The Forest Service would like to remind the public that even if a road or trail is open, driving on soft surfaces or where rutting has been observed should be avoided until drier conditions arrive.
Timon Campground

photo courtesy: Black Hills National Forest Service

CUSTER, S.D. — Campgrounds and seasonal gates in the Black Hills National Forest are set to open for the summer season this weekend, with campgrounds opening Friday, May 14 and seasonal gates opening Saturday, May 15.

The BHNF has more than 30 campgrounds and 680 individual sites across the regions, some operated under concession by Forest Recreation Management out of Hill City. Fees range from $14 to $26 dollars per night; group camping is also available with advanced reservations near Pactola Reservoir and Sheridan Lake. Electric, sewer, water hook-ups, and showers are not available, most campgrounds have potable water and either flush or vault toilets.

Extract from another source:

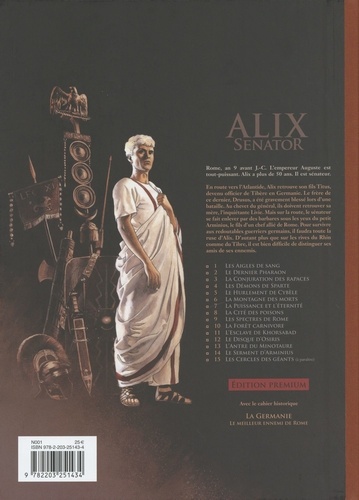 Rome an 9 avant J. -C. . L'empereur Auguste est tout-puissant. Alix a plus de 50 ans. Il est sénateur. En route vers l'Atlantide, Alix retrouve son fils Titus, devenu officier de Tibère en Germanie. Le frère de ce dernier, Drusus, a été gravement blessé lors d'une bataille. Au chevet du général, ils doivent retrouver sa mère, l'inquiétante Livie. Mais sur la route, le sénateur se fait enlever par des barbares sous les yeux du petit Arminius, le fils d'un chef allié de Rome. Pour survivre aux redoutables guerriers germains, il faudra toute la ruse d'Alix. D'autant plus que sur les rives du Rhin comme du Tibre, il est bien difficile de distinguer ses amis de ses ennemis.

Due to high demand, reservations are recommended. Early reservation sales for Black Hills campgrounds point to a strong outdoor recreation season this year, after the lockdowns and quarantines during 2020. KOAs in the area are up over 60 % — visitors began booking in December.

Of note, Cook Lake Campground and Cliff Swallow Trail in the Bearlodge Ranger District will open Friday, May 14. Cook Lake has been open for day-use only due to landslide concerns and a spillway reconstruction project. Landslide monitoring – including an audible siren – will continue on the west side of the lake, and that area will remain closed to the public.

Click here to make reservations. All seasonal closed roads and trails are marked on the current Motor Vehicle Use Map (click here).

The Forest Service would like to remind the public that even if a road or trail is open, driving on soft surfaces or where rutting has been observed should be avoided until drier conditions arrive. Roads and trails in the Hills may be unsuitable for driving at times; damaging forest roads and lands is against the law and penalties can be steep.